» Exercise requirements:
Every entry, start to finish, should be printed verbatim without pictures.

Dataset entries:
============

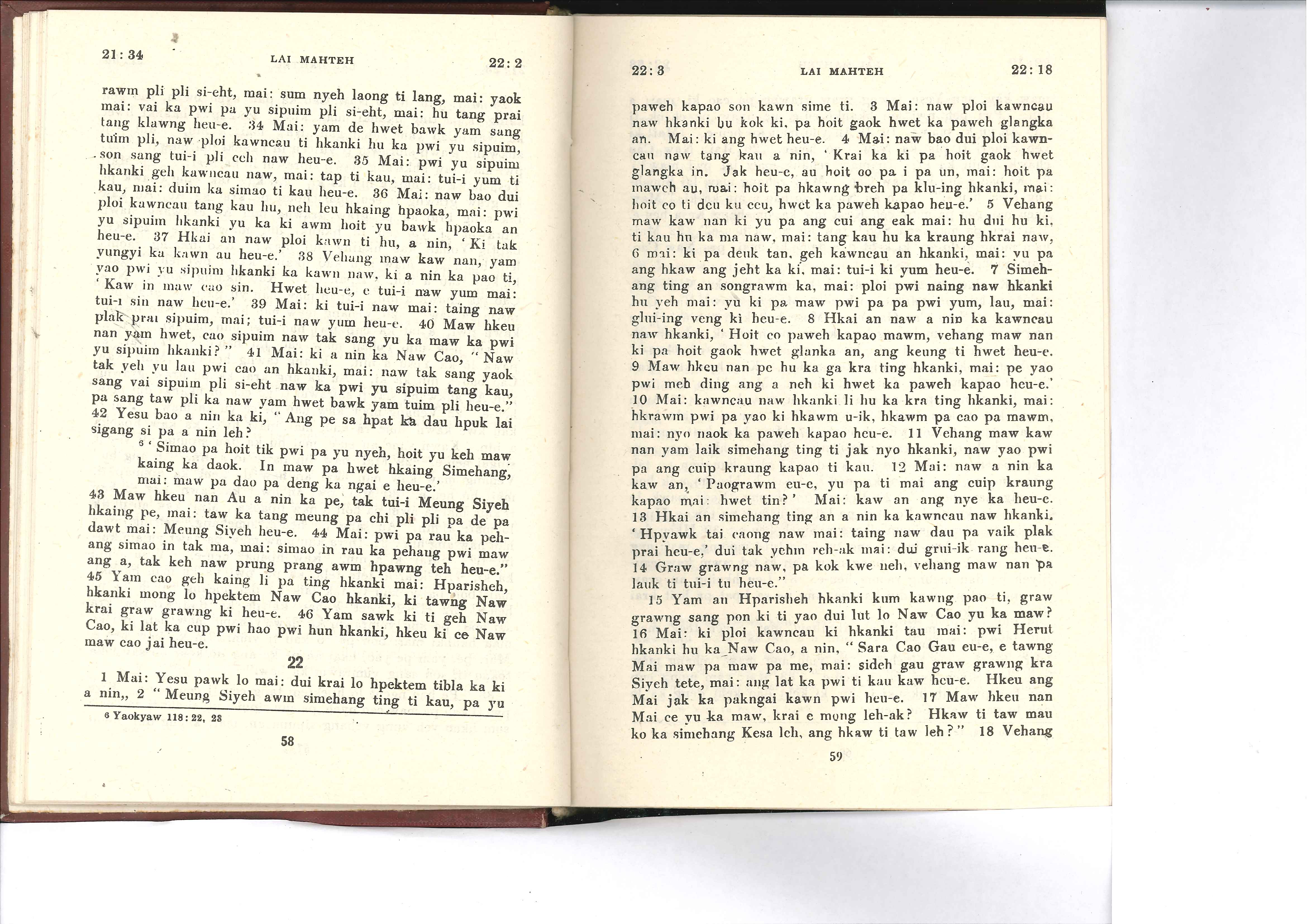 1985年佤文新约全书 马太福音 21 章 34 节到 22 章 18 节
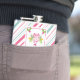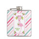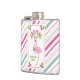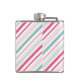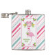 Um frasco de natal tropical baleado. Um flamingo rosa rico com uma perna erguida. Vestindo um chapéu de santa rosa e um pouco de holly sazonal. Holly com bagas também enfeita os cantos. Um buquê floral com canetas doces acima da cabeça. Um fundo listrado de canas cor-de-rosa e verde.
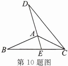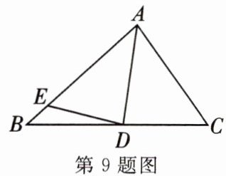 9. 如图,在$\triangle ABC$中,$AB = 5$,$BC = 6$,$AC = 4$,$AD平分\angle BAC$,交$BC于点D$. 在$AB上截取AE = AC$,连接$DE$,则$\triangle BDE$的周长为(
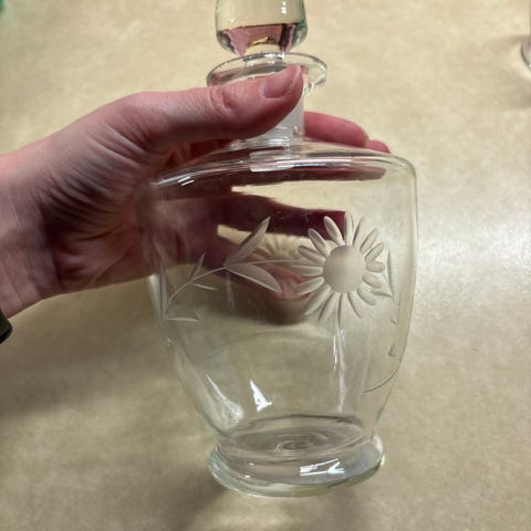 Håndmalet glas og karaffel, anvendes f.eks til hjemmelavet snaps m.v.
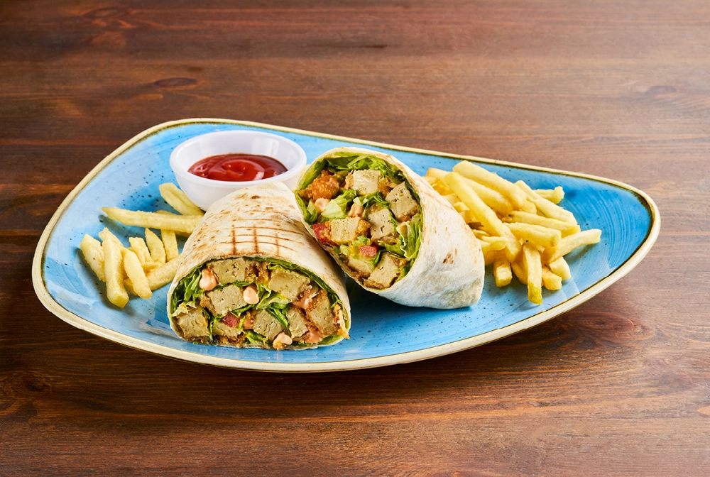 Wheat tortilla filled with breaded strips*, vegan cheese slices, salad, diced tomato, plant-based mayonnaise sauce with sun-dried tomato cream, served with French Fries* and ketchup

============

» Task solution:
 1985年佤文新约全书 马太福音 21 章 34 节到 22 章 18 节
 Um frasco de natal tropical baleado. Um flamingo rosa rico com uma perna erguida. Vestindo um chapéu de santa rosa e um pouco de holly sazonal. Holly com bagas também enfeita os cantos. Um buquê floral com canetas doces acima da cabeça. Um fundo listrado de canas cor-de-rosa e verde.
 9. 如图,在$\triangle ABC$中,$AB = 5$,$BC = 6$,$AC = 4$,$AD平分\angle BAC$,交$BC于点D$. 在$AB上截取AE = AC$,连接$DE$,则$\triangle BDE$的周长为(
 Håndmalet glas og karaffel, anvendes f.eks til hjemmelavet snaps m.v.
 Wheat tortilla filled with breaded strips*, vegan cheese slices, salad, diced tomato, plant-based mayonnaise sauce with sun-dried tomato cream, served with French Fries* and ketchup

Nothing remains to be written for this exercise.